The MAEBB Second semester Urban Interventions Studio project is located in Valencia for 2022
The second semester of MAEBB is the time for students to immerse themselves in a full fledged studio project, pushing them to learn and incorporate several aspects of ecological building practice into a single, cohesive proposal. This year, the students have been given the opportunity to re-create and re-imagine a proposal for a new ecological community planned for Valencia in 2008. That plan, called Sociopolis, was put on hold after the market crash of 2008, but now MAEBB students are revisiting the work to explore its revolutionary potential, and see how it could help them chart a course to a more environmentally sensitive urban approach to architecture. The plan was bold for its time, and focused on creating a usable, ecological and collaborative urban plan that rivaled the monumentality of other projects happening at the time.
Visiting the Former Sociopolis site, and taking a tour of the city of Valencia to absorb the context
To initiate their new project, students traveled to the site of the former Sociopolis site to see the context for themselves. The legacy of the project remains alive in the form of a large municipal urban gardening plot that was installed before the project was paused. This space has a large presence on site, like a green oasis in the middle of the concrete ocean, and the students were quick to realize how this could inform their designs. Their new proposals will have to take into account what is already existing on the site, transforming the best aspects into a new potential.

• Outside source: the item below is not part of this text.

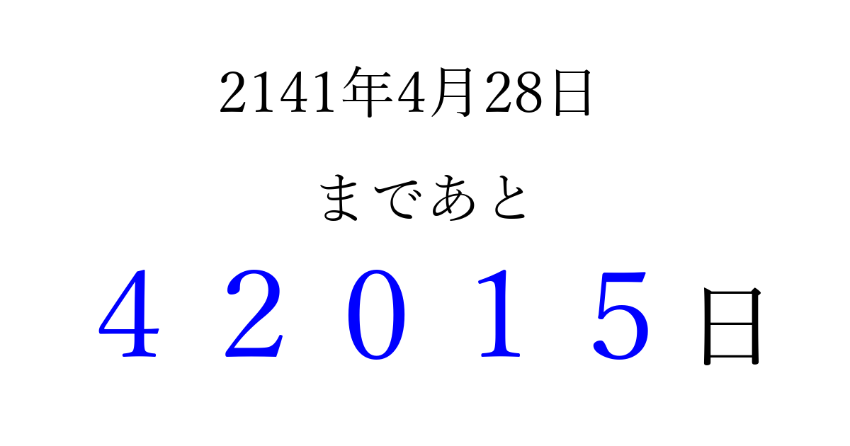 2141年4月28日(金)まで あと 99999 日です 追加すると、トップページからすぐ選べるようになります ※2026/04/16現在の結果です。 最新の状態に更新する ↓シェアして、タイムライン上にカウントダウンを表示しよう!↓ 📤 この結果を共有する Tweet シェア Threads Bluesky 別の日付でカウントダウン 2141年4月のカレンダー このページをブックマークに追加すると、いつでもカウントダウンを確認できます。 (PC: Ctrl+D / Mac: ⌘+D) hitome-notes.comでは以下のページも運営しています。 指定日と期間から日付を計算 | ガチャ確率計算・シミュレーション | プライバシー・ポリシー 運営者:Avocado

Expert guidance from Valencia native and Placemaking Europe director Ramon Marrades
To assist in the learning process on site, longtime Valencia resident Ramon Marrades joined the tour to educate the students on the history of urban development in the city. Ramon currently serves as the head of Placemaking Europe, and was leading the redevelopment of the waterfront zone of Valencia for many years, so his insights were incredibly valuable to the students as they learned more about the context of their new proposals. Ramon extolled the value of dynamic, transformable and tactical urban interventions that could be adapted to suit many needs. The so-called ‘event-based’ urban planning scheme that has dominated Valencia’s urban fabric has led to a series of mistakes and blown budgets, due to its short sighted vision of how to use public space in the city. Instead, Marrades insisted that MAEBB students look to the sustainability principles of the circular economy and reciprocal design they have learned from Valldaura and apply them here.